Marla ma rację. Nie ma co martwić się o pieniądze, bo ich faktycznie zawsze jest za mało. Ludzie sobie radzą, to i my sobie poradzimy. Oboje z mężem jesteśmy wykształceni, pełni chęci do pracy. I mamy marzenia.
Jestem padnięta. I nie chcę narzekać, bo moje życie zawsze pełne było pracy. Ale to chyba skutek ciąży: wstaje rano, idę do pracy, wracam z niej i najchętniej poszłabym spać. W trybie natychmiastowym. Nie mam siły pisać (a muszę!), nie mam siły sprzątać (wypadałoby!). W sobotę i niedzielę wolną nadrabiam zaległości, ale i nawet to nie przychodzi łatwo. Spać, spać, spać.
A w piątek moje pierwsze zajęcia na studiach. Muszę na nie iść, aby powiedzieć wykładowcom, że raczej pojawiać się na nich będę rzadko.
W pracy wezmę na piątek urlop na żądanie. Zrobię to pierwszy raz w życiu, ale nie mam wyboru.
I jeszcze te moje nieszczęsne uprawnienia pedagogiczne. I praktyki, które nie wiem kiedy zaliczę. Tu zajęcia zaczynam za tydzień. I tu wystąpię o indywidualny tryb. Oby udało się odbyć praktykę. Potem będzie z górki.
Dużo tego. A nie zapominać mogę o czekającej mnie przeprowadzce i urządzaniu gniazdka.
Mam niesamowity apetyt. Jestem w 8 tygodniu ciąży, a przytyłam już kilogram. Nie mam mdłości, wymiotów.
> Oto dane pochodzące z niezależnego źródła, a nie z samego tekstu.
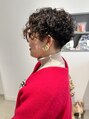 短めなショートヘアにパーマスタイル。くるっとふわっとするパーマです。
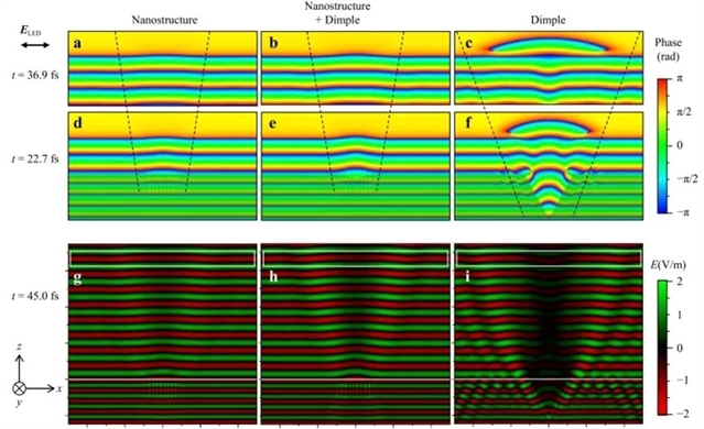 对于透射率增加的现象,研究人员采用有限差分时域法(FDTD)进行了深入分析。通过模拟电磁场在纳米结构区域的传播特性,他们发现透射光波前发生特定扭曲,产生了类似于光学干涉的效应。这种扭曲波前在成像平面中心区域形成对比度增强,解释了为什么配备纳米结构的表面会表现出更高的透射率。这一理论分析为利用纳米结构调控材料光学性能提供了科学依据。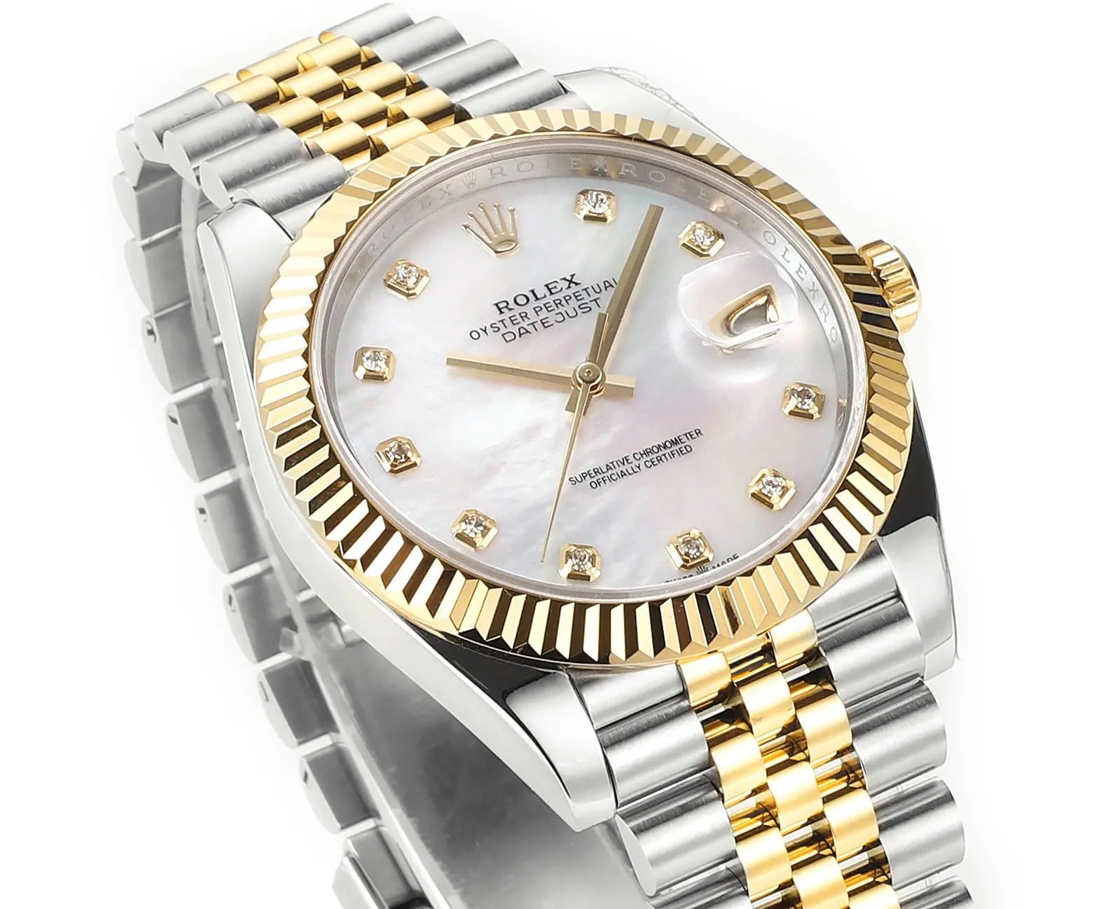 Rolex Datejust 41mm Two-Tone Gold and Steel Watch with Diamond Bezel — Premium 1:1 super clone. Case: 904L stainless steel case and bracelet. Crystal: Genuine sapphire crystal with AR coating. Movement: Clone Cal. 3235 (28,800 bph, 70hr power reserve). 12-month movement warranty. Free worldwide shipping on orders over $1,200.

Chcę - jak już pisałam - tylko spać. I jeszcze jedna "rzecz" mnie męczy - potwór, co zwie się zgagą. Fatalnie, ale do zniesienia.
Zobaczysz co znaczy apetyt w 9 miesiącu! Ło matko! coś strasznego :/
OdpowiedzUsuńPrzez senność również przeszlam ale byłam w na tyle konfortowej sytuacji, że nie musiałam chodzić do pracy czy szkoły... oby niebawem minęła i przyszła super moc!
pieniądze raz są, raz ich nie ma. Będzie dobrze!